In the end we get a formula of finding pseudoinverse of a matrix, so eventually, $\beta = A^{+}Y$. More about pseudoinverses can be found here.

By using SVD for the least square problem there is no need to calculate inverse of any matrix other than diagonal (which is plain easy), which simplifies calculations and makes the result more accurate.

QR decomposition

One fairly efficient method for solving least squares is to do so with QR decomposition. This is a method which is similarly to SVD based on orthogonalization, which means avoiding forming $X^{T}X$ matrix thus being more stable. On the whole, compared to SVD, QR decomposition (Householder implementation) is slightly more efficient in finding least squares solution, however, it may be less stable. In addition, QR decomposition assumes matrix $X$ to be full-rank, that is each column of $X$ is linearly independent.

This is how QR decomposition is applied to linear regression problem:

     $X \beta = y + \varepsilon$

     $QR \beta = y + \varepsilon$

     $R \beta = Q^{T}y + Q^{T}\varepsilon$

From here $Q^{T}y$ and $Q^{T}\varepsilon$ result into vectors, and $R$ becomes an upper-triangular matrix of size $n \times m$. Such system is easy to solve numerically.

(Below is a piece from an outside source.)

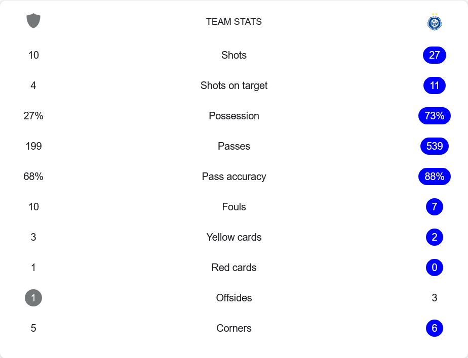 HJK ครองบอลถึง 73% เทียบกับเพียง 27% ของเจ้าถิ่น Gnistan โดยสร้างโอกาสยิงมากถึง 27 ครั้ง และยิงตรงกรอบถึง 11 ครั้ง ต่างจากเจ้าบ้านที่มีโอกาสยิงเพียง 10 ครั้ง และเข้ากรอบเพียง 4 หน จำนวนการผ่านบอลก็ห่างกันมากถึง 539 ต่อ 199 ครั้ง โดย HJK มีความแม่นยำถึง 88% ส่วน Gnistan อยู่ที่เพียง 68% แสดงให้เห็นถึงความแตกต่างด้านคุณภาพเกมที่ชัดเจน ใบเหลืองเกมนี้เกิดขึ้น 5 ใบ แบ่งเป็นฝั่งเจ้าบ้าน 3 ใบ และทีมเยือน 2 ใบ
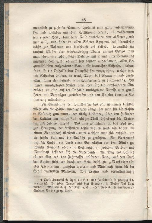*) Diese Dampfschiffe legen die Hin- und Zurückreise in zwanzig Tagen zurück. Bei jedem Tempel wird drei Stunden, in Theben fünf Tage verweilt. Mit Einschluß der Kost bezahlt jeder Reisende fünfundzwanzig Guineen für die ganze Tour.

Vector $Q^{T}\varepsilon$ is minimized when $R \beta - Q^{T}y$ is maximally close to 0. Now, when $n > m$ the expression takes the following generalized form:

\[Q^{T}\varepsilon = \left[\begin{array}{c} R \\ 0 \end{array} \right] \beta - \left[\begin{array}{c} (Q^{T}y)_{m} \\ (Q^{T}y)_{n-m} \end{array} \right] = \left[\begin{array}{c} R \beta - (Q^{T}y)_{m} \\ 0 - (Q^{T}y)_{n-m} \end{array} \right] = \left[\begin{array}{c} u \\ v \end{array} \right]\]

We can find such values of $\beta$ so that $u$ becomes 0. Values of $v$ remain as they are representing minimized residuals.